Find the tight area On the bearing. There should be rub marks. There is a bearing scraper to use to scrape material off the cam bearings and make the cam fit and spin normally. The block should be fine after that.
 
So scrape the tight side of the bearing surface the cam is riding on? I assume the Durabond Coated bearings are not prefered when scraping either.
 
Not uncommon to scrape the bearings quite a bit for the cam to fit.
 
When you drop the block off at the machine shop, you should give them THE cam or A cam to check
the bores for being straight. If the machinist finds out like you did, that the bores are a little wacky,
he will do the "Shaving" to put clearance into the tight bearing. Check your cam for runout on a pair
of V-Blocks first!!!! It may be a bent cam causing your problem.
 
So scrape the tight side of the bearing surface the cam is riding on? I assume the Durabond Coated bearings are not prefered when scraping either.
Just google scraping cam bearings.
 
When you drop the block off at the machine shop, you should give them THE cam or A cam to check
the bores for being straight. If the machinist finds out like you did, that the bores are a little wacky,
he will do the "Shaving" to put clearance into the tight bearing. Check your cam for runout on a pair
of V-Blocks first!!!! It may be a bent cam causing your problem.
He does have the cam to be used as well as the cam I removed and turned into a "cutter". He said the cam is definitely not the problem.
 
I have ran into a couple cams that I had to machine the the bearing journals of the cam. Comparing then to a oem cam they were 5 thousands oversized. I used a lathe and turned them to spec. Quality control is not so hot these days.

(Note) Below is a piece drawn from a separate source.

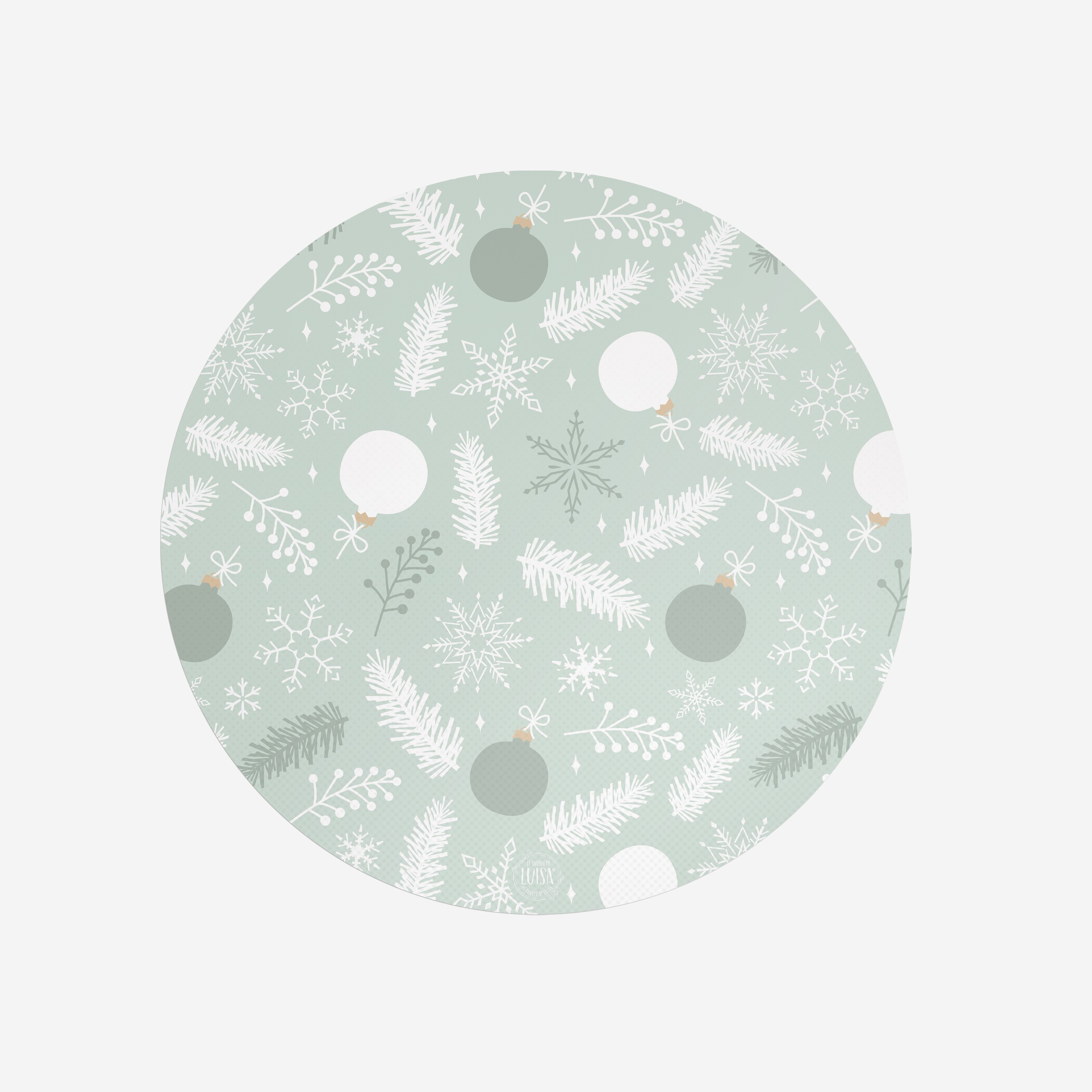 Illumina le tue celebrazioni natalizie con il set di tovagliette "Decorazioni Natalizie". Queste tovagliette presentano un delicato motivo natalizio in cui rami d'abete e decorazioni bianche si intrecciano su uno sfondo verde chiaro, creando un contrasto elegante e accattivante.

Usually a burr on the oil hole is the culprit for tight bearings.
 
It may be a bent cam causing your problem.
Not a bad idea to ask the machinist to check it again with his cam blank.... Those guys usually have one at the shop for just such cases where the customer hasnt provided them with one. You may get a clue whether your new cam is a part of the problem or not.
 
I have had the exact same problem with DuraBond brgs in two different brand engines in the last two years.
I no longer use them, now using Fed Mogul.
 
One engine was a 440, built 2 yrs ago. I believe the part # is SH-876S
 
I talked to a guy here who owns an engine rebuilding shop. I recently had this job done on my own engine.
He said they measure all the journals - find the tight ones and grind down the cam journal.
They prefer not to replace cam bearings unless you supply the camshaft you want to use in the engine.